AVAILABLE DATA: Begin

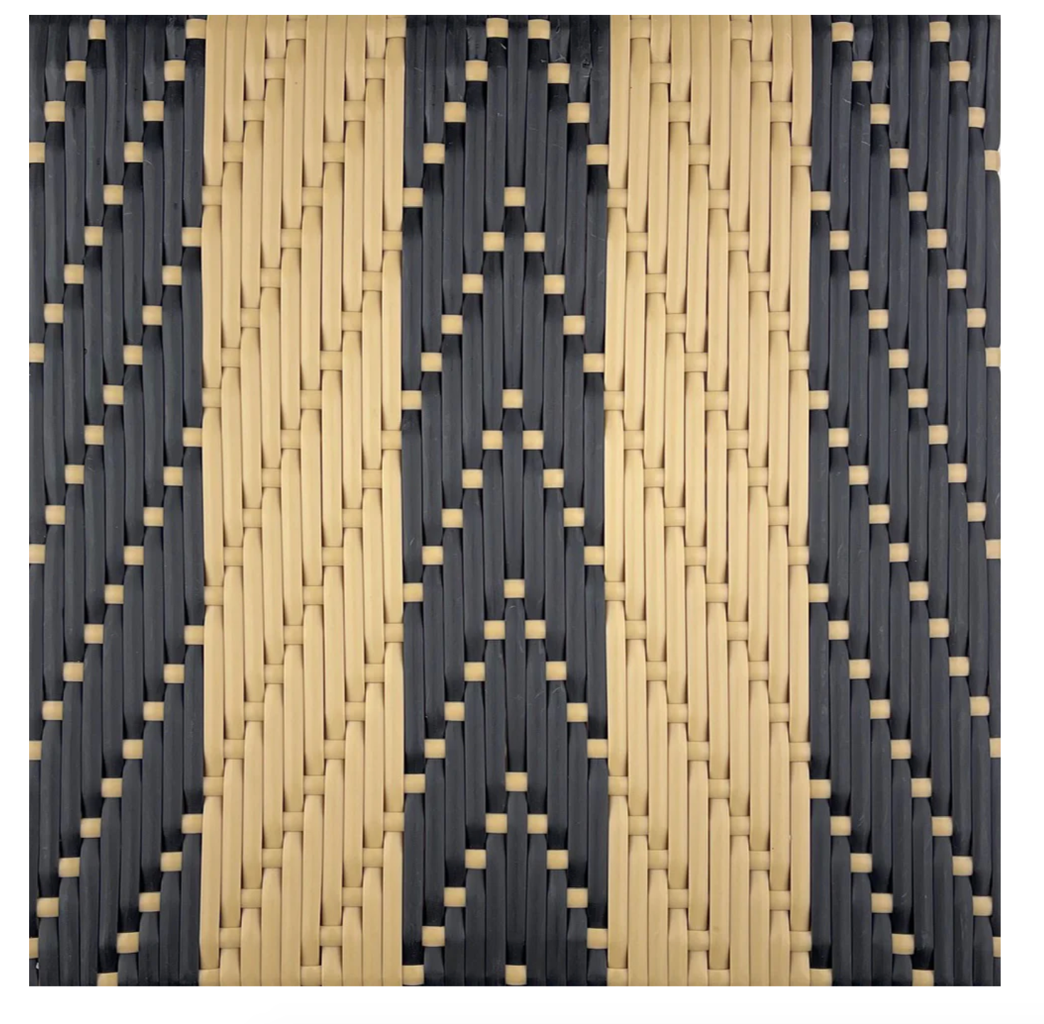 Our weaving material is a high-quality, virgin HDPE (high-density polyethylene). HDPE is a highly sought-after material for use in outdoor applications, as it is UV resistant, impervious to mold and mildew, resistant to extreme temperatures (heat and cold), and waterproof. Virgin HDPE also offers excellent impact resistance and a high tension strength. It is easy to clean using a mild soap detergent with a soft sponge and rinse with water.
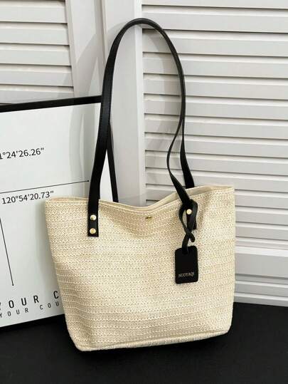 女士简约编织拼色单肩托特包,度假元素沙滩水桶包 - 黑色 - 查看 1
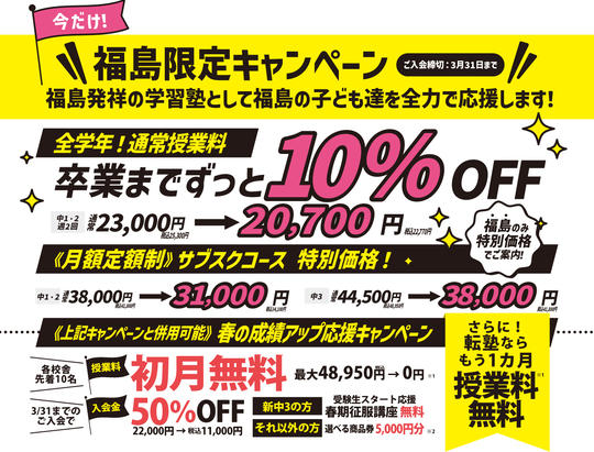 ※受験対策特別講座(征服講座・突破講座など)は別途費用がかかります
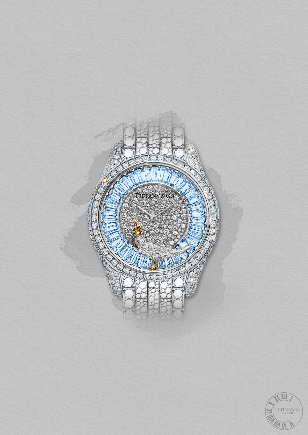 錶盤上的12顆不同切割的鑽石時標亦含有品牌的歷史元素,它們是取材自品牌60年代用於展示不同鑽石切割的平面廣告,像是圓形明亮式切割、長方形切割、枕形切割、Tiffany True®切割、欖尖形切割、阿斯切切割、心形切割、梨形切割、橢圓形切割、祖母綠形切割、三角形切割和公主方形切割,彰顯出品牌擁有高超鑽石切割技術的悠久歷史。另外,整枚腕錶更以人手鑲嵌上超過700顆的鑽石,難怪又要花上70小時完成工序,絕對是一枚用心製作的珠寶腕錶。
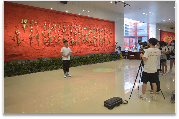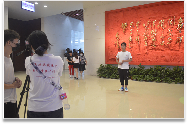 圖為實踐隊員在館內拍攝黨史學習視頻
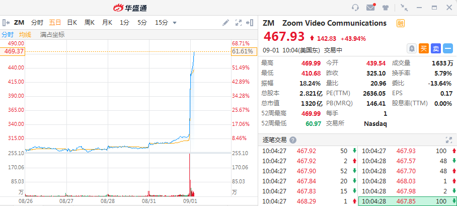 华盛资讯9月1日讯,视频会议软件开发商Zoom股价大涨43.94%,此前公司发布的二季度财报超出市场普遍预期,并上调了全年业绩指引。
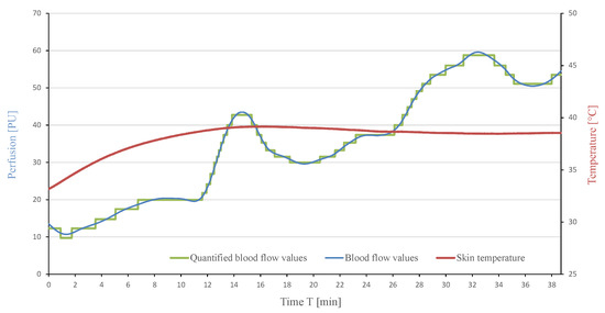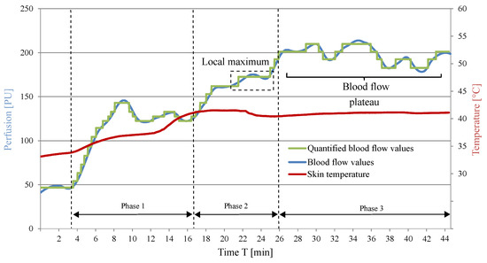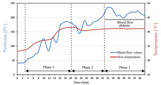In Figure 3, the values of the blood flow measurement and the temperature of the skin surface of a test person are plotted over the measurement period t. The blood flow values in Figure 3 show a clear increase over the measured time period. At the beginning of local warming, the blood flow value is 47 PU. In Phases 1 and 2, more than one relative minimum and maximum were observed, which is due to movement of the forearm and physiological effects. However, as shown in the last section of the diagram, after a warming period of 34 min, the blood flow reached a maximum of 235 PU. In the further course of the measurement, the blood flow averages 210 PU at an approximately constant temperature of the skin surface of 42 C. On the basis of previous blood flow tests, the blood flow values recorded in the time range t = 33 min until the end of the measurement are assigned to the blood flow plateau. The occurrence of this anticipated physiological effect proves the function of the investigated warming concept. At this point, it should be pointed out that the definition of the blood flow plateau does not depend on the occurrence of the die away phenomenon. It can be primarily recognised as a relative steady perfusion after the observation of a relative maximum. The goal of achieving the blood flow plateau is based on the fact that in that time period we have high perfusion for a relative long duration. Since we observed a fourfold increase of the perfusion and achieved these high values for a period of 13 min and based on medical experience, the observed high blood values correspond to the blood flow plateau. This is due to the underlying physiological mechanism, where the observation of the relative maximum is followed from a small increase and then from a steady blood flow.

AVAILABLE DATA: End

• _TASK TO CARRY OUT_
In the answer, the entries must appear exactly as above, without the images.

• _RESPONSE AREA_
 Our weaving material is a high-quality, virgin HDPE (high-density polyethylene). HDPE is a highly sought-after material for use in outdoor applications, as it is UV resistant, impervious to mold and mildew, resistant to extreme temperatures (heat and cold), and waterproof. Virgin HDPE also offers excellent impact resistance and a high tension strength. It is easy to clean using a mild soap detergent with a soft sponge and rinse with water.
 女士简约编织拼色单肩托特包,度假元素沙滩水桶包 - 黑色 - 查看 1
 ※受験対策特別講座(征服講座・突破講座など)は別途費用がかかります
 錶盤上的12顆不同切割的鑽石時標亦含有品牌的歷史元素,它們是取材自品牌60年代用於展示不同鑽石切割的平面廣告,像是圓形明亮式切割、長方形切割、枕形切割、Tiffany True®切割、欖尖形切割、阿斯切切割、心形切割、梨形切割、橢圓形切割、祖母綠形切割、三角形切割和公主方形切割,彰顯出品牌擁有高超鑽石切割技術的悠久歷史。另外,整枚腕錶更以人手鑲嵌上超過700顆的鑽石,難怪又要花上70小時完成工序,絕對是一枚用心製作的珠寶腕錶。
 圖為實踐隊員在館內拍攝黨史學習視頻
 华盛资讯9月1日讯,视频会议软件开发商Zoom股价大涨43.94%,此前公司发布的二季度财报超出市场普遍预期,并上调了全年业绩指引。
In Figure 3, the values of the blood flow measurement and the temperature of the skin surface of a test person are plotted over the measurement period t. The blood flow values in Figure 3 show a clear increase over the measured time period. At the beginning of local warming, the blood flow value is 47 PU. In Phases 1 and 2, more than one relative minimum and maximum were observed, which is due to movement of the forearm and physiological effects. However, as shown in the last section of the diagram, after a warming period of 34 min, the blood flow reached a maximum of 235 PU. In the further course of the measurement, the blood flow averages 210 PU at an approximately constant temperature of the skin surface of 42 C. On the basis of previous blood flow tests, the blood flow values recorded in the time range t = 33 min until the end of the measurement are assigned to the blood flow plateau. The occurrence of this anticipated physiological effect proves the function of the investigated warming concept. At this point, it should be pointed out that the definition of the blood flow plateau does not depend on the occurrence of the die away phenomenon. It can be primarily recognised as a relative steady perfusion after the observation of a relative maximum. The goal of achieving the blood flow plateau is based on the fact that in that time period we have high perfusion for a relative long duration. Since we observed a fourfold increase of the perfusion and achieved these high values for a period of 13 min and based on medical experience, the observed high blood values correspond to the blood flow plateau. This is due to the underlying physiological mechanism, where the observation of the relative maximum is followed from a small increase and then from a steady blood flow.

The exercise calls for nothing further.